Nikon appears to have discontinued the Nikon Z7, the company’s original foray into full-frame mirrorless. It is described as an “old product HTML1, which indicates that it has been discontinued.
As spotted by Nikon Rumors, the “old product” tag is the only solid indication that Nikon may be discontinuing the Z7, since Nikon USA, Nikon UK, Nikon Japan, and Nikon Asia still list the Z7 as an active product. The camera is still available from U.S.-based dealers as well, though configurations are inconsistent.
For example, Adorama still lists the Z7 and 24-70mm f/4 S lens kit as in stock, but the body-only configuration is no longer available. This is mirrored on B&H, where the Z7 body-only is listed as discontinued. Dealers are limited to selling the stock that they still have — this is what happened with kits.
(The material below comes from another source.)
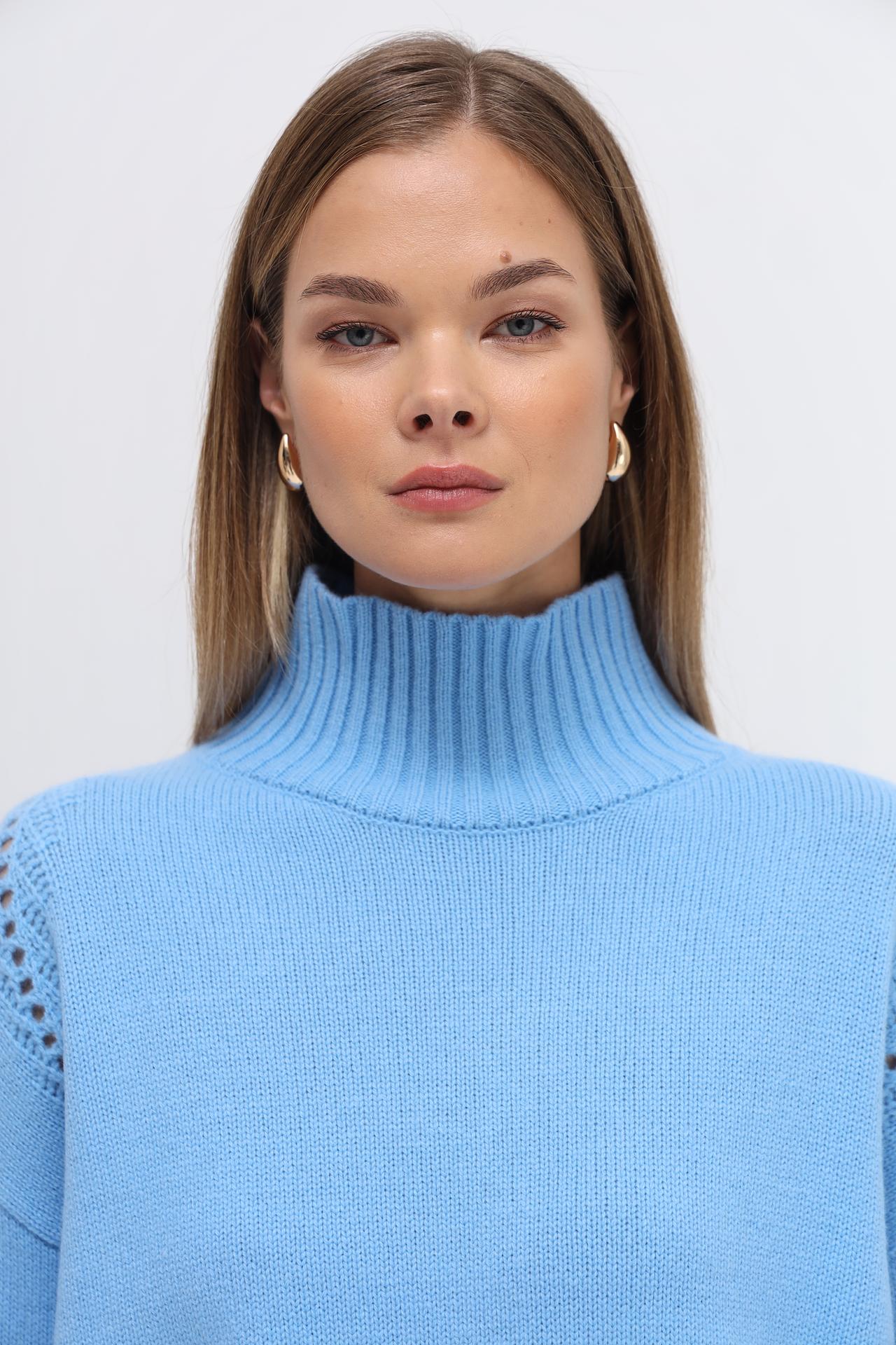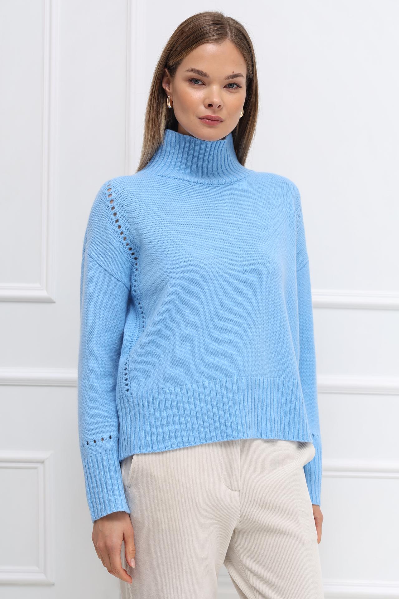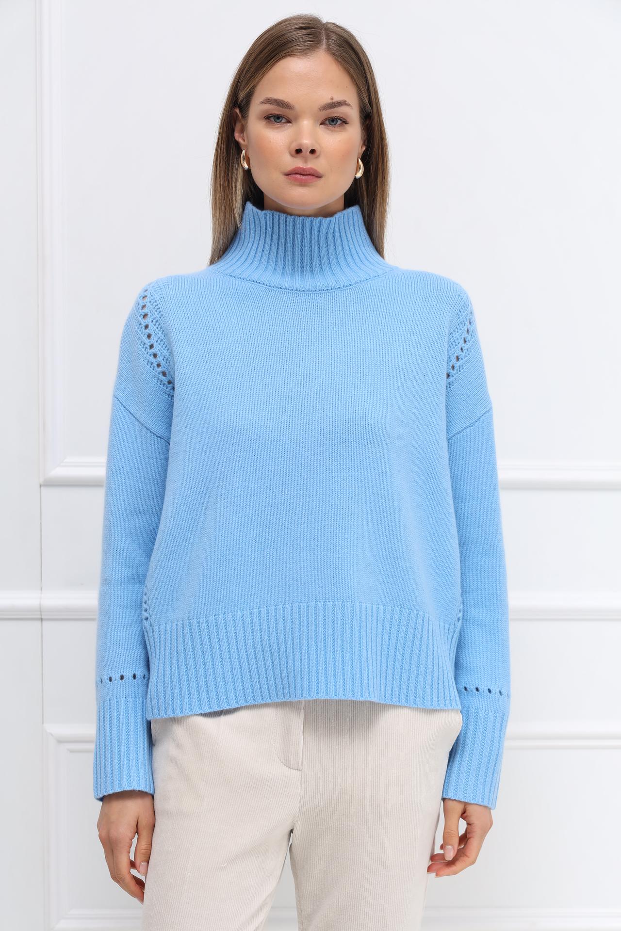 Пуловер Catnoir из 100% шерсти голубой с ажурными вставками

PetaPixel reached out to Nikon USA for comment, but the company did not respond ahead of publication. That said, Nikon rarely, if ever, responds to inquiries of this nature.
The best indication that the Z7 is actually being discontinued is to look at other recent products that have followed a similar path. In February, Nikon listed the D500 as “old product” while Adorama posted the product as only “on backorder.” Checking that link again today, the D500 has been listed as discontinued, confirming early reports. At the same time, Nikon USA still lists the D500 as an active product, which indicates that it is not necessarily the best litmus test of whether or not Nikon is still actively producing a product.
Curiously, the Nikon Z6 is not listed as discontinued despite the fact it was announced at the same time as the Z7. The two cameras were launched as the first products to feature Nikon’s mirrorless Z-mount in 2018. The Z7 featured a 45. 7-megapixel sensor and 493 autofocus points while the Z6 features a 24. 5-megapixel sensor with 273 autofocus points. Many photographers were unhappy that both cameras had only one XQD slot.
Both products were technically replaced in 2020 with the launch of the Z7 II and Z6 II cameras, both of which fixed a lot of, if not all, the complaints about the original two full-frame cameras and are considered by many to be highly-competitive mirrorless cameras even now, two years later, especially after sizeable firmware updates post-launch.